LIPA Informational Meeting Set for October 17
By Howard Schwach
The on-again, off-again meeting designed for the Long Island Power Authority (LIPA) and the Department of Environmental Conservation (DEC) to explain to the community the efficacy of building a new substation on the old LILCO site on Beach Channel Drive between Beach 108 Street and Beach 112 Street is on again.
The meeting has been scheduled for Wednesday, October 17 at 7 p.m. at the Beach Club, on Beach 116 Street.
The entire site has long been listed as a Class 2 Superfund Site, meaning that it was too toxic for use.

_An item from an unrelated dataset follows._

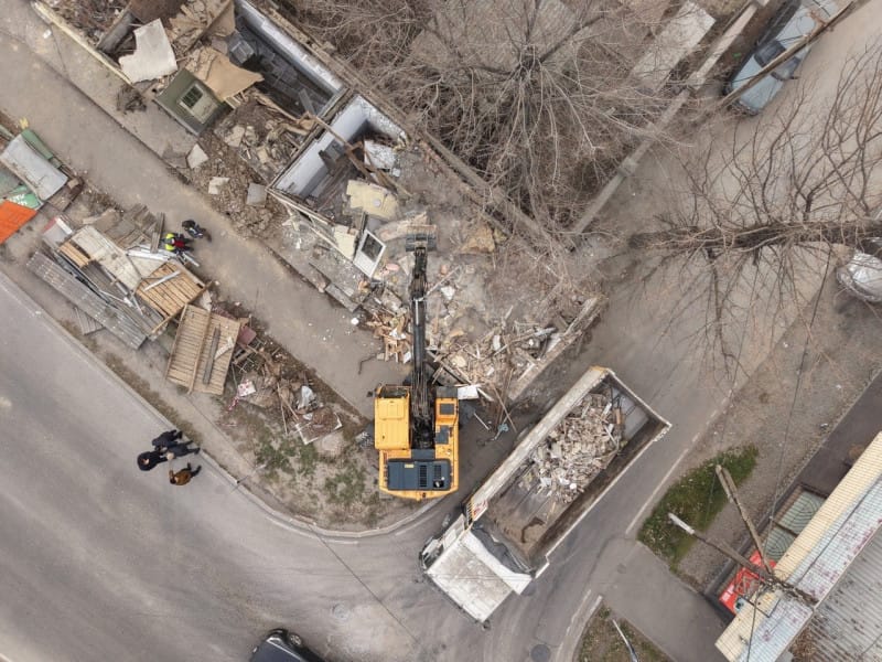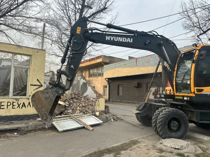 В Бишкеке 5 декабря Управление по контролю за землепользованием демонтировало шесть капитальных объектов у Старого автовокзала на пересечении проспекта Жибек-Жолу и улицы Осмонкула по решению комиссии мэрии города в связи с завершением срока аренды.

According to the DEC, a Class 2 site "poses significant threat to the public health or environment."
For many years, it served LILCO as a Coal Gasification Plant, polluting the soil with the residues of the gasification process.
In August of 2000, Keyspan Energy, the owner of the site, petitioned the DEC to "redefine the boundaries of the Class 2 site," so that it could use a portion of the northwest corner for the substation, which it needed to replace a nearly 100-year-old station on the other end of the site.
Keyspan asked that the portion of the site be removed from the superfund registry because "there was no evidence of its use as part of the MGP (coal gasification) operations nor was there evidence of significant discharge or disposal" in that area.
In October of 2000, DEC concurred that there was "minimal contamination" in that portion of the site, and it "redefined the site," leaving out that northwest parcel."
Work then commenced on the site, although the community had never been notified that the parcel had been demapped or that LIPA has been given the DEC’s permission to do the work.
Community activists, noting that the work had begun without any warning or information, forced the company to halt work "until the community concerns were addressed."
A meeting set for that purpose was cancelled in the wake of the September 11 attack on the World Trade Center.
Work had remained stopped.
Keyspan hopes to convince the community that it is safe to go ahead with the project on that site.
Many in the community, however, are unsure.
Liz Sulik, the president of the Rockaway Chamber of Commerce, has been Rockaway’s point person in this controversy.
"We should not allow them to do any work on the site until they clean up the entire thing," she argues. "We should not allow them to develop the site piece by piece."
"It is toxic, and it needs to be cleaned up," she adds.
The public is invited to the Beach Club meeting on October 17.